Normalized edit distance over the sequence of text blocks. Critical for multi-column layouts, sidebars, and footnotes. High scores mean the model scrambled content order—column 2 before column 1, or footnotes mixed into body text. Under 0.08 is good; over 0.15 is serious.

Note:R-Order Edit isn't included in the Overall formula—it's reported separately because reading order is its own special kind of pain. If your use case involves multi-column documents, don't rely on Overall alone.

How “Overall” Is Calculated

The v1.5 Overall score isn't an average of all five metrics. It's explicitly defined as:

Overall = ((1 - Text_Edit) × 100 + Table_TEDS + Formula_CDM) / 3

It grades you on three pillars: text extraction, table parsing, and formula recognition. Reading order and structure-only table metrics are tracked separately.

Pipeline vs End-to-End: The Architecture Split

The leaderboard shows two fundamentally different approaches:

Pipeline Systems (*)

PaddleOCR-VL, MinerU2.5, MonkeyOCR chain specialized components: layout detector → OCR → table parser → formula recognizer.

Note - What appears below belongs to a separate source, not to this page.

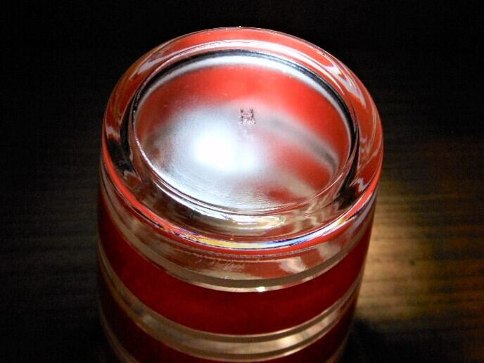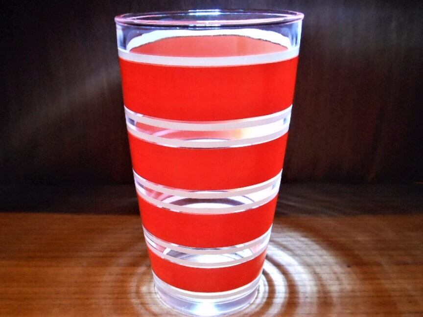 1950年代 ヘーゼルアトラス社製の 大型タンブラーグラスです。この会社からは似たタンブラーで、ストライプラインのミルクガラスタンブラーが有名ですが、このタイプのタンブラーはとてもレア商品だと思います。高さ約17㎝ / 開口径 約9㎝ の商品となります。
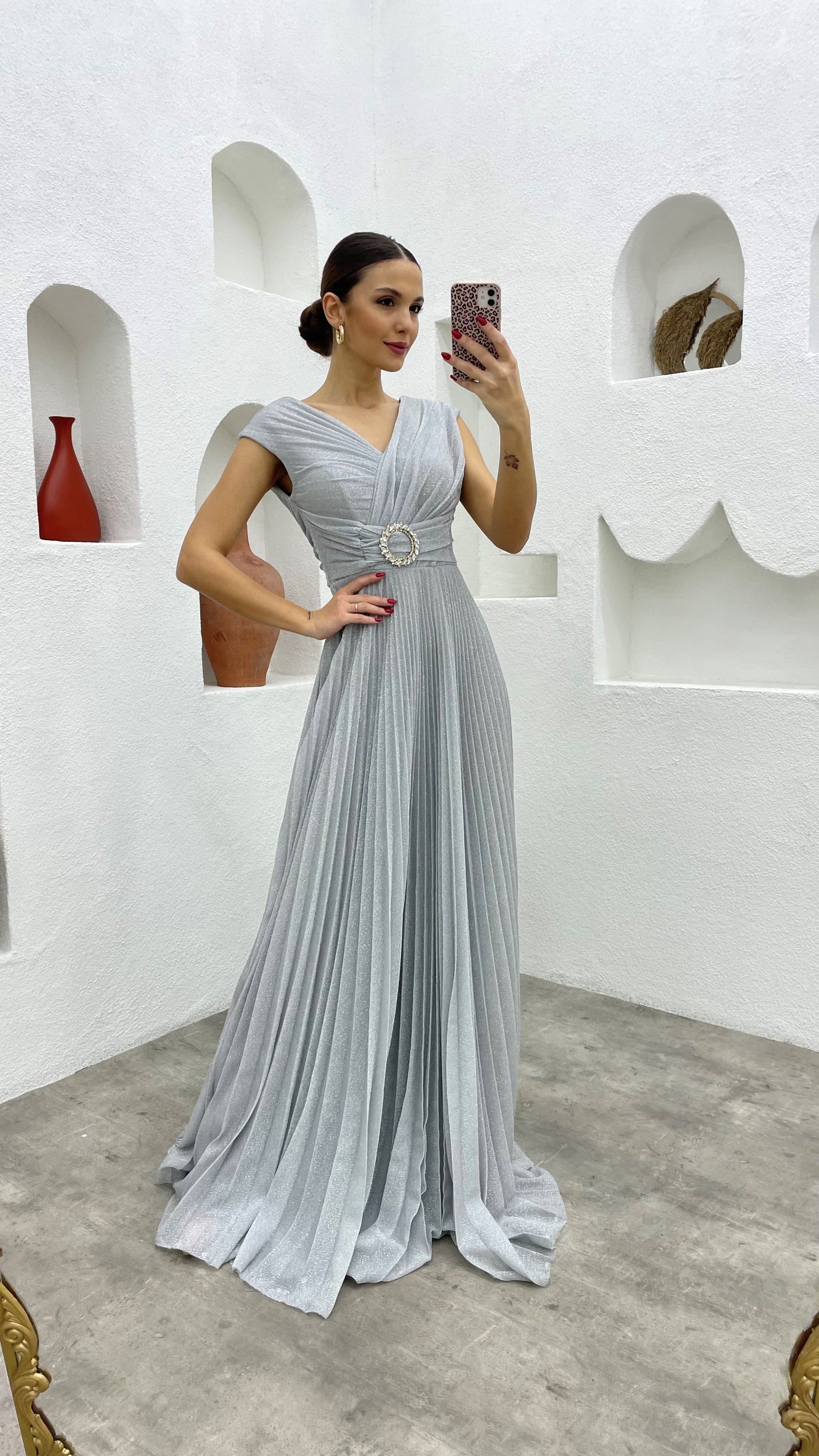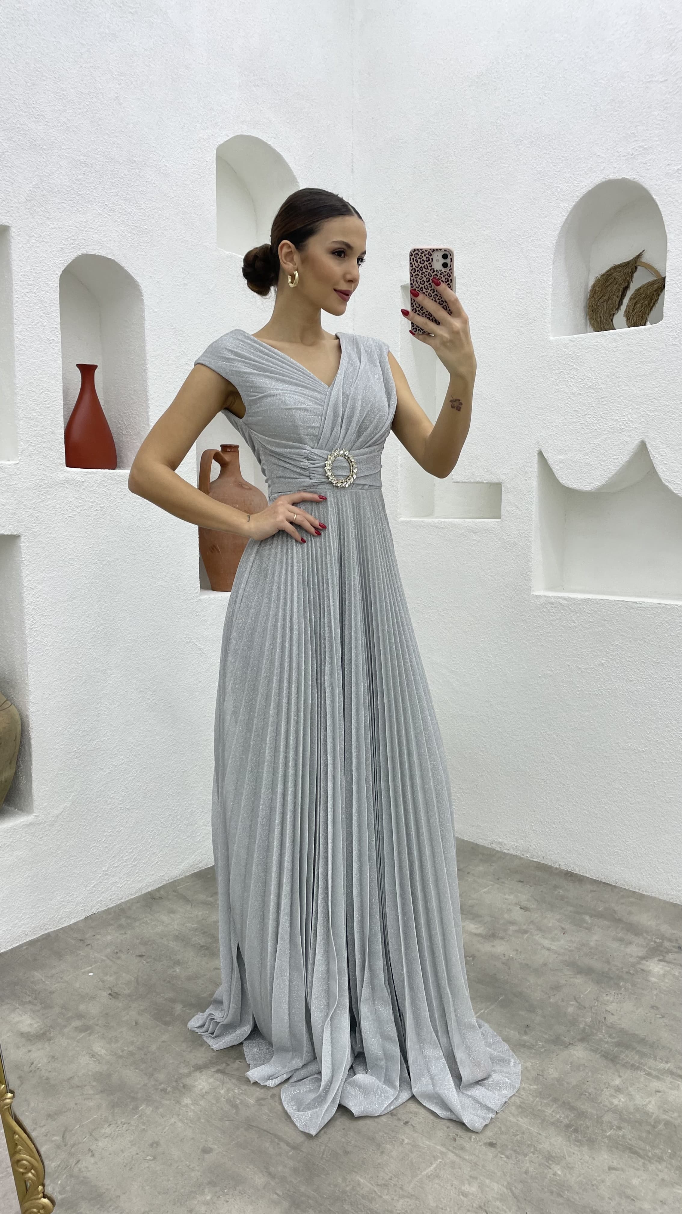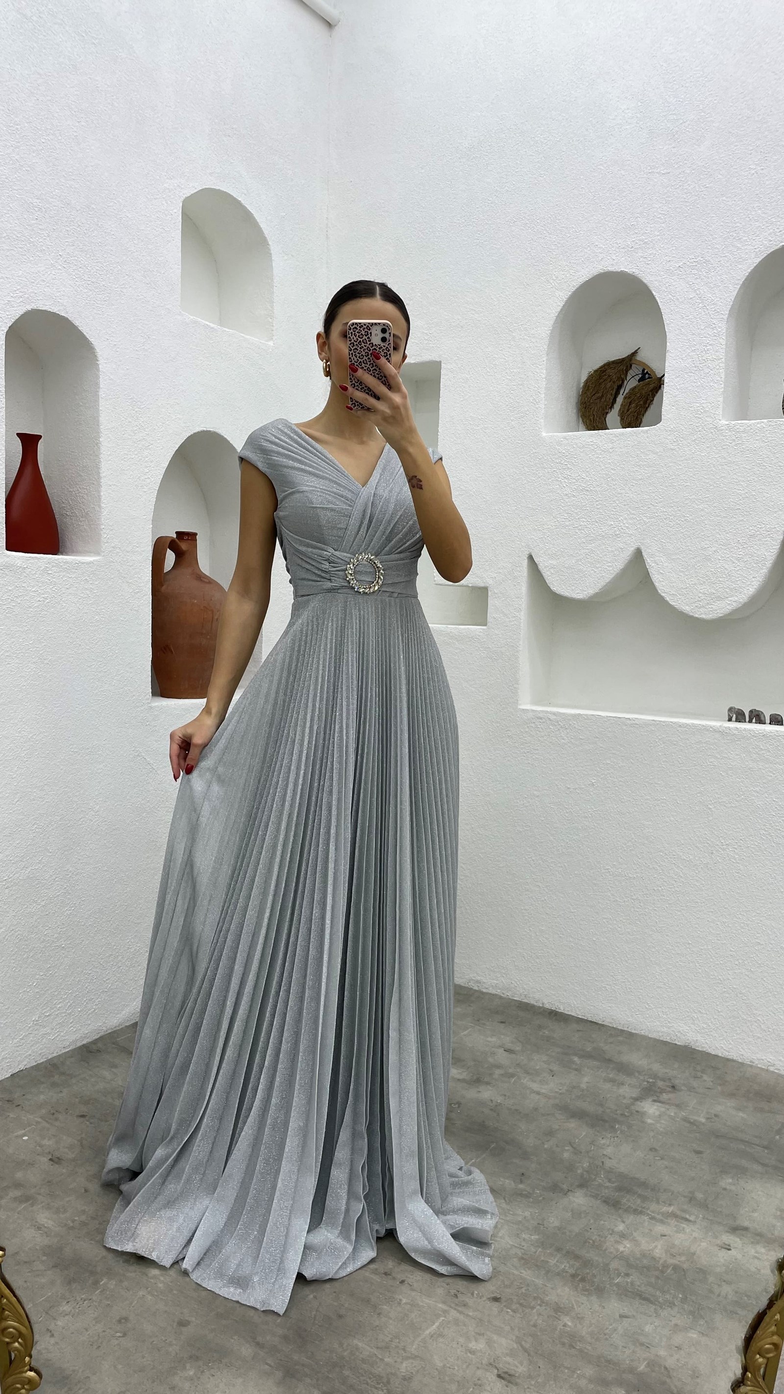 Gri Broş Detay Piliseli Simli Abiye Elbise

Each component is optimized for its specific task.

Pro: Best-in-class on individual capabilities. PaddleOCR-VL leads with 92.86.
Con: Complex deployment, error propagation between stages, more moving parts.

End-to-End VLMs

DeepSeek-OCR 2, Qwen2.5-VL, Gemini-2.5 Pro process the entire page in one forward pass. Simpler architecture, but the model must learn all tasks simultaneously.

Pro: Single model, simpler deployment, holistic understanding.
Con: Historically underperformed—until DeepSeek-OCR 2 showed you can hit 91+ with just 1,120 tokens.

Version Drift Warning

v1.5 was a major update.If you're comparing numbers across papers:

More pages than v1.0
Higher-resolution images for some document types
Updated “hybrid matching” evaluation logic that merges/splits to find best matches (reduces unfair penalties from minor formatting differences)
Leaderboard positions shifted

A model that scored 88 on v1.0 might score 85 or 91 on v1.5— they're not directly comparable. This page uses v1.5 results only.

Frequently Asked Questions

V-token (visual tokens) is the maximum number of image patches the model processes per page. Think of it as the model's "retina resolution" — each token is a learned embedding of a small image region.

Why it matters:

Cost — More tokens = higher API costs or GPU time
Latency — Attention is O(n²), so 5× more tokens ≈ 25× more compute
Context — Multi-page docs exhaust context windows fast

DeepSeek-OCR 2 uses only 1,120 tokens while most competitors use 6,000+, making it ~5× more efficient with comparable quality. This translates to significant cost savings at production scale.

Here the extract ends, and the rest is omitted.